The CMUSphinx project consists of multiple tools. They have different uses and applications. These tools are, as listed in their website:

  • pocketsphinx — lightweight recognizer library written in C.
  • sphinxbase — support library required by pocketsphinx and sphinxtrain
  • sphinx4 — adjustable, modifiable recognizer written in Java
  • sphinxtrain — acoustic model training tools

In this wiki we will discuss the installation steps of all except the Sphinx4.

For simple recognition tasks, pocketsphinx is the tool you need, it is packaged and easy to setup for multiple operating systems. For development and advanced use you will need to download and compile sphinxbase. If you want to do development in Java, sphinx4; and finally for training acoustic models you will need sphinxtrain.

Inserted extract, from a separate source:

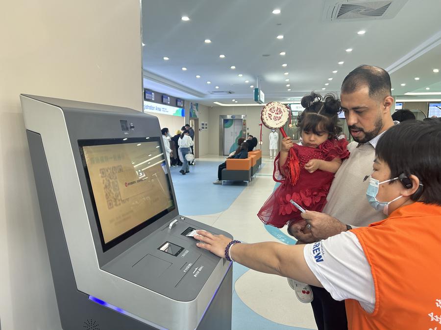 This photo taken with a mobile phone shows a volunteer (R) helping Yemeni businessman Sufyan Marwan Sufyan Mohanmmed take vaccine reservation receipt for his daughter from a machine by scanning a QR code at a community health service center in Yiwu, east China's Zhejiang Province, March 25, 2025. (Xinhua/Huang Xiao)

In the next section, we explain how to setup pocketsphinx for casual users. However for the developers there are multiple ways of downloading these tools:

The best way depends on the tool and the need. As of November 2018, the commonly used tools are most up to date in github.

Basic installation

In order to start decoding speech either directly from your microphone or from files, the first tool to download is pocketsphinx.

Debian systems

For debian based systems, you can install it simply using the apt package manager.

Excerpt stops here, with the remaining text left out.